D’après la Loi Informatique et Libertés du 6 janvier 1978, on entend par donnée personnelle « toute information relative à une personne physique identifiée ou qui peut être identifiée, directement ou indirectement ».

Lorsque vous achetez un bracelet connecté et que l’application vous demande votre prénom, votre poids, votre taille, votre âge, ces informations constituent des données personnelles (elles peuvent permettre de vous identifier).

Par définition, elles vous appartiennent et à ce titre, vous avez des droits.

En Europe, la directive 95/46/CE de 1995 pose un socle commun à tous les pays de l’UE pour la protection des données à caractère personnel et à leur libre circulation. Elle vise notamment à protéger la vie privée des individus.

Devant l’insuffisance de cette directive au regard des évolutions technologiques, la Commission Européenne a proposé en 2012 une réforme globale de la législation sur les données personnelles dans une optique toujours plus protectrice. Le législateur européen entend placer l’individu  au cœur du dispositif de protection des données à caractère personnel : il pourra disposer du droit à la notification d’une violation de ses données à caractère personnel lors de l’apparition de failles de sécurité, du droit d’opposition à une mesure de profilage ou encore, et d’un « droit à l’oubli numérique » (effacement des données sur demande si aucun motif légitime ne justifie leur conservation).

Le 14 avril 2016, après 4 ans de débats, le texte a été voté par le Parlement Européen. Il remplace la directive de 1995.

Pendant ce temps en France, le Sénat a adopté en première lecture le 3 mai 2016 le projet de Loi Numérique d’Axelle Lemaire, après de multiples revirements. Cette loi consacre le principe de neutralité des réseaux, de portabilité des données et de loyauté des plateformes, elle entend améliorer l’accès à internet et ouvrir davantage des données publiques.

Les législations à travers le monde

Pour Axelle Lemaire, Secrétaire d’état au numérique « Les robots, les drones, les objets connectés sont à terme bénéfiques pour tous. Il faut en renforcer l’utilisation dans les métiers du droit. »

A l’échelle mondiale, il est impossible de se référer à une loi « générale » qui serait la même pour tous : les pays légifèrent eux-mêmes (ou en groupe, à l’image de l’Europe).

La CNIL tient une cartographie mondiale de la protection des données personnelles pays par pays.

On constate que l’Europe, le Canada et l’Argentine ont un niveau adéquat de protection des données personnelles. En ce qui concerne les Etats-Unis, un accord avec l’Union Européenne est en cours de signature. En attendant, les transferts de données entre ces deux entités nécessitent l’accord de la CNIL.

Certains, sans répondre aux critères de protection des données selon la CNIL disposent cependant d’une autorité de contrôle : l’Australie, l’Inde, le Mexique, le Japon ou encore l’Ukraine.

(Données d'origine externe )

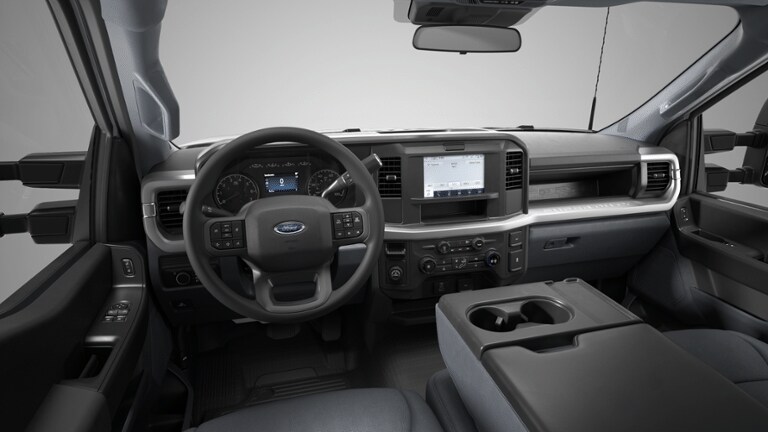 Ford Connectivity Package (1-Year Included), GVWR: 18,000 lbs Payload Package, GVWR: 19,550 lb Payload Plus Upgrade Package 2, High Capacity Trailer Tow Package, Internet access capable: 5G Modem - Ford Connectivity Package, Order Code 660A, Snow Plow Prep Package, XL Chrome Package, 4WD, 190 Amp Alternator, 350 Amp Dual Alternators, 4 Speakers, 4-Wheel Disc Brakes, 6-Ton Hydraulic Jack, ABS brakes, Air Conditioning, AM/FM radio, AM/FM Stereo w/MP3 Player, Brake assist, Center High-Mounted Stop Lamp (CHMSL), Cloth 40/20/40 Split Bench Seat, Compass, Delay-off headlights, Dual 68 AH/65 AGM Battery, Dual front impact airbags, Dual front side impact airbags, Dual rear wheels, Emergency communication system: SYNC 4 911 Assist, Engine Block Heater, Front anti-roll bar, Front Center Armrest w/Storage, Front License Plate Bracket, Front reading lights, Fully automatic headlights, HD Vinyl 40/20/40 Split Bench Seat, Heated door mirrors, Illuminated entry, Low tire pressure warning, Outside temperature display, Overhead airbag, Overhead console, Panic alarm, Passenger cancellable airbag, Passenger vanity mirror, Platform Running Boards, Power door mirrors, Power steering, Power windows, Pro Power Onboard - 400W Outlet, Rear anti-roll bar, Rear View Camera & Prep Kit, Remote keyless entry, Security system, Speed control, Steering wheel mounted audio controls, SYNC 4 Communication & Entertainment System, Tachometer, Telescoping steering wheel, Tilt steering wheel, Traction control, Trailer Brake Controller, Trip computer, Turn signal indicator mirrors, Variably intermittent wipers, Vehicle Integration System 2.0, and Wheels: 19.5" x 6" Argent Painted Steel.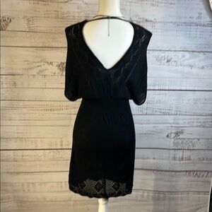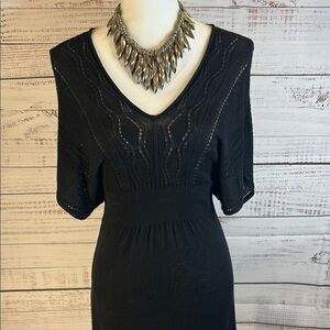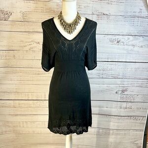 American Rag Black Crochet Knit Boho Dress | V-Neck, Stretch Eyelet Hem Size XS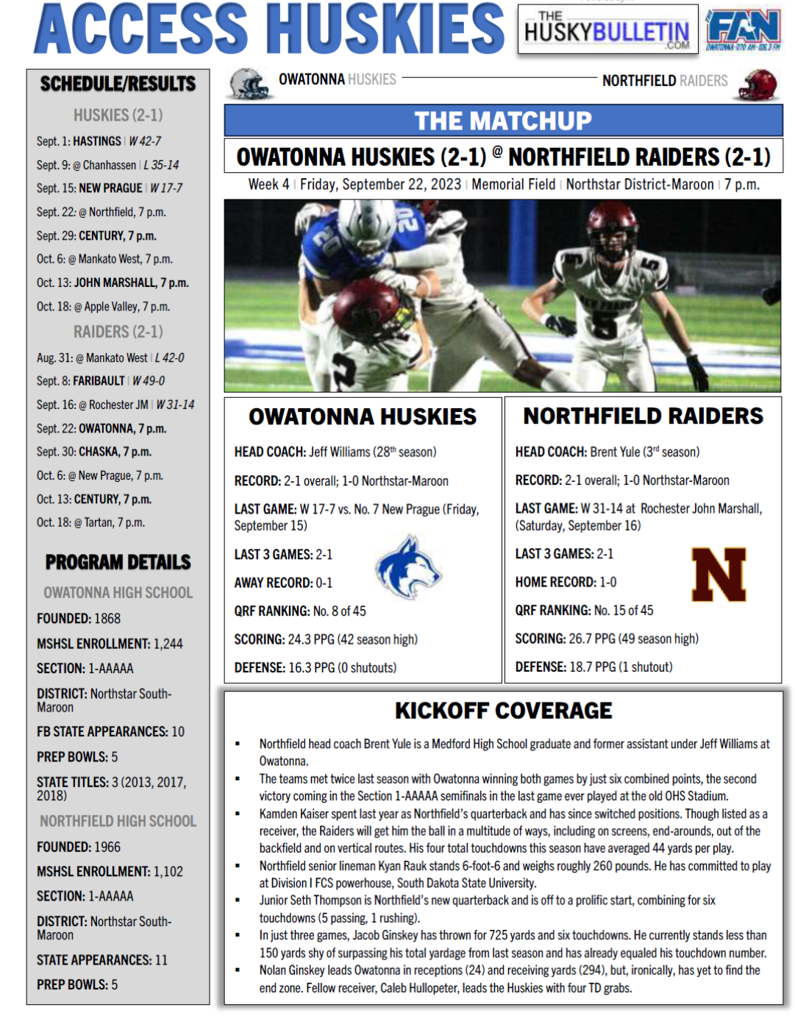 Here is the Week 4 Preview as the Huskies travel to Northfield.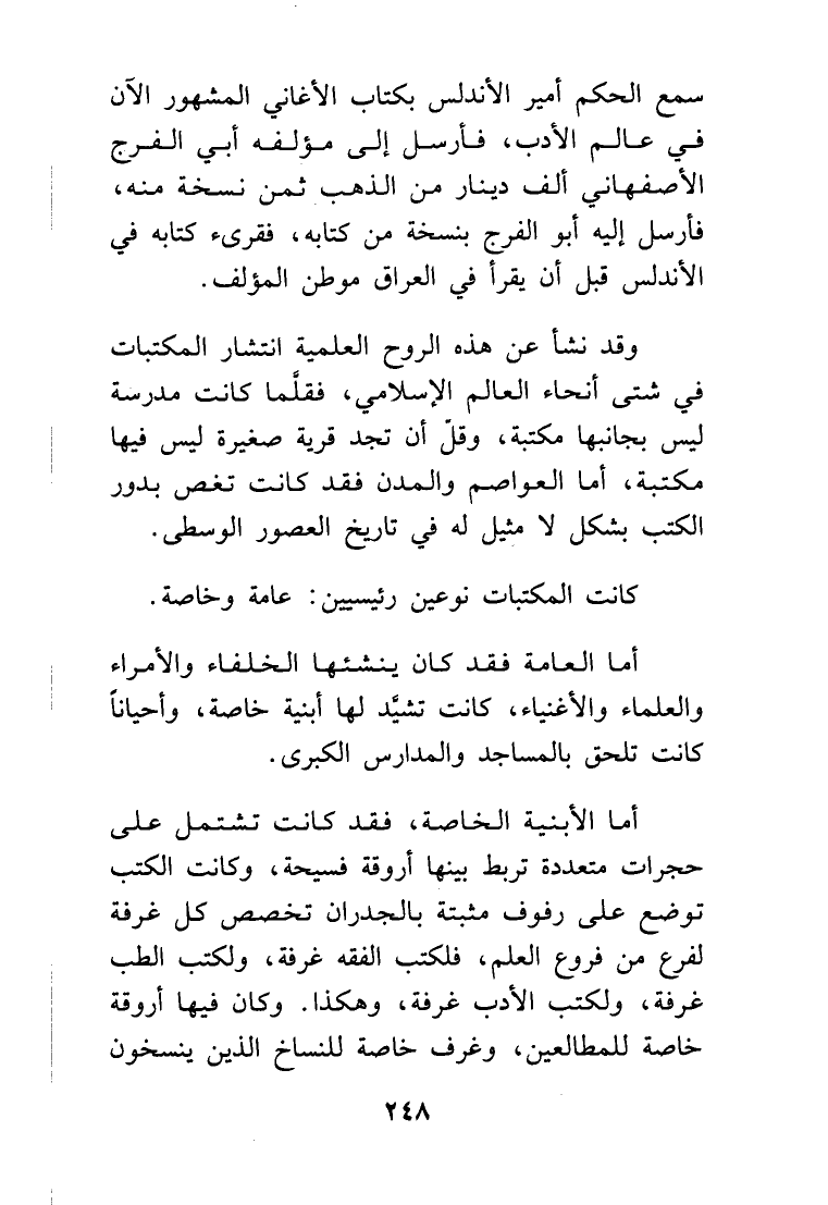 وقد نشأ عن هذه الروح العلمية انتشار المكتبات في شتى أنحاء العالم الإسلامي، فقلّما كانت مدرسة ليس بجانبها مكتبة، وقلّ أن تجد قرية صغيرة ليس فيها مكتبة، أما العواصم والمدن فقد كانت تغص بدور الكتب بشكل لا مثيل له في تاريخ العصور الوسطى.
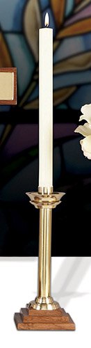 The Altar Candlesticks from McKay Church Goods are made of solid, high-polished brass with hardwood base.

Pour le reste du monde, le niveau de protection des données est considéré comme « inadéquat » : cela signifie soit qu’ils n’ont pas légiféré sur la question, soit que les lois en question sont insuffisantes.

Globalement, on constate que la technologie avance plus vite que le droit. Les législations tentent de suivre, mais l’idéal d’une législation unique à travers le monde sur les données reste en l’état une utopie.